In August 2019, Chery NEV officials mentioned that the firm was developing an all-aluminum platform for pure electric vehicle models and will build electric models by 2020 including the S81, S61, and S57. The three models mentioned would mainly be coupes and SUVs and be capable of equipping electric four-wheel drive system. Additionally, Chery has disclosed that the model built on the all-aluminum pure electric platform will cooperate with tech companies from China, and is expected to provide facial recognition, ADAS, and 5G-V2X. As of December 2019, news of an electric crossover SUV by Chery codenamed the S61 went offline surfaced. The electric S61 debuts a new exterior styling design language and is based on a newly developed all-aluminum pure electric platform. The production version of the S61 model was scheduled to launch in mid 2020.
Chery unveiled the eQ5 in August 2020, with the electric crossover going on sale at the end of August.

== Technical details ==
The Chery eQ5 is built on Chery's new LFS high-strength aluminum-magnesium alloy smart vehicle platform that is only 60 percent the weight of a conventional vehicle's platform.
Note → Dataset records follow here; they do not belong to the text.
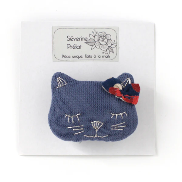 Broche en tissu Chat – Bleu foncé et Fleurs – Séverine Prélat
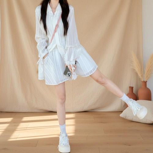 [옷자락] 여성 핀턱 허리 볼륨 퍼프 소매 미니 원피스셔츠
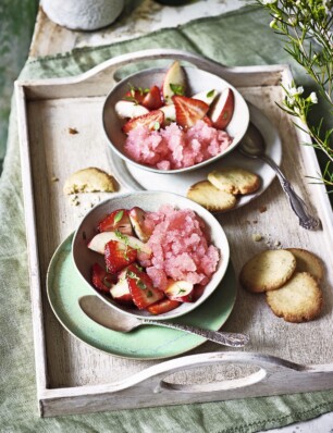 gestoomde meringues met ananasgranita en rum-butterscotchsaus

The LFS high-strength aluminum-magnesium alloy smart vehicle platform has 93 percent of the body frame using aluminium-magnesium alloy, and the weight of the frame of the platform is only 94.4 kg or 60 percent the weight of the structure of vehicles that uses conventional platforms.

Three rear-wheel-drive variants including the low-output, standard-output, and high-output variants were planned at launch with a single electric motor mounted at the rear. The motor of the low-output variant would producing 120 kW and 250 Nm of torque. The motor of the standard-output variant is tuned to produce 133 kW and 280 Nm of torque. The motor of the high-output variant is tuned to produce 150 kW and 295 Nm of torque.

The Chery eQ5 low-output and standard-output variants uses a 70.1 kWh lithium-ion battery pack weighing only 456 kg and the NEDC rated range is 510 km, while the high-output variants uses a 88 kWh lithium-ion battery pack with the NEDC rated range reaching 620 km.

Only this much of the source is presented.